Может TF2.0 Поддержка режима ожидания ParameterServerStrategy сейчас? Я пока не нашел пример успеха: (

from __future__ import absolute_import, division, print_function, unicode_literals
import tensorflow as tf
import tensorflow_datasets as tfds
import os, json

datasets, info = tfds.load(name='mnist', with_info=True, as_supervised=True)
mnist_train, mnist_test = datasets['train'], datasets['test']

os.environ['TF_CONFIG'] = json.dumps({
    "cluster": {
        "worker": ["localhost:12345"],
        "ps": ["localhost:12346"]
    },
    "task": {"type": "worker", "index": 0}
})

strategy = tf.distribute.experimental.ParameterServerStrategy()
#strategy = tf.distribute.MirroredStrategy()
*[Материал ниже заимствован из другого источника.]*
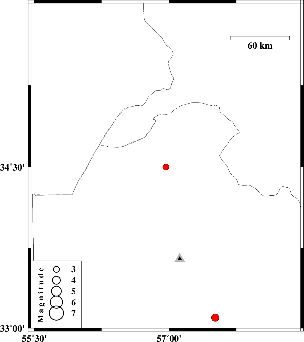 | 2023/08/15 | 05:57:41.6 | 09:27:41.6 | 33.097 | 57.514 | 12 | ML:3.8 | Yazd Province, 78 km South-East of Tabas |

print('Number of devices: {}'.format(strategy.num_replicas_in_sync))
num_train_examples = info.splits['train'].num_examples
num_test_examples = info.splits['test'].num_examples
BUFFER_SIZE = 10000
BATCH_SIZE_PER_REPLICA = 64
BATCH_SIZE = BATCH_SIZE_PER_REPLICA * strategy.num_replicas_in_sync

def scale(image, label):
  image = tf.cast(image, tf.float32)
  image /= 255
  return image, label

train_dataset = mnist_train.map(scale).shuffle(BUFFER_SIZE).batch(BATCH_SIZE)
eval_dataset = mnist_test.map(scale).batch(BATCH_SIZE)

with strategy.scope():
  model = tf.keras.Sequential([
      tf.keras.layers.Conv2D(32, 3, activation='relu', input_shape=(28, 28, 1)),
      tf.keras.layers.MaxPooling2D(),
      tf.keras.layers.Flatten(),
      tf.keras.layers.Dense(64, activation='relu'),
      tf.keras.layers.Dense(10, activation='softmax')
  ])

  model.compile(loss='sparse_categorical_crossentropy',
                optimizer=tf.keras.optimizers.Adam(),
                metrics=['accuracy'])

checkpoint_dir = './training_checkpoints'
# Name of the checkpoint files
checkpoint_prefix = os.path.join(checkpoint_dir, "ckpt_{epoch}")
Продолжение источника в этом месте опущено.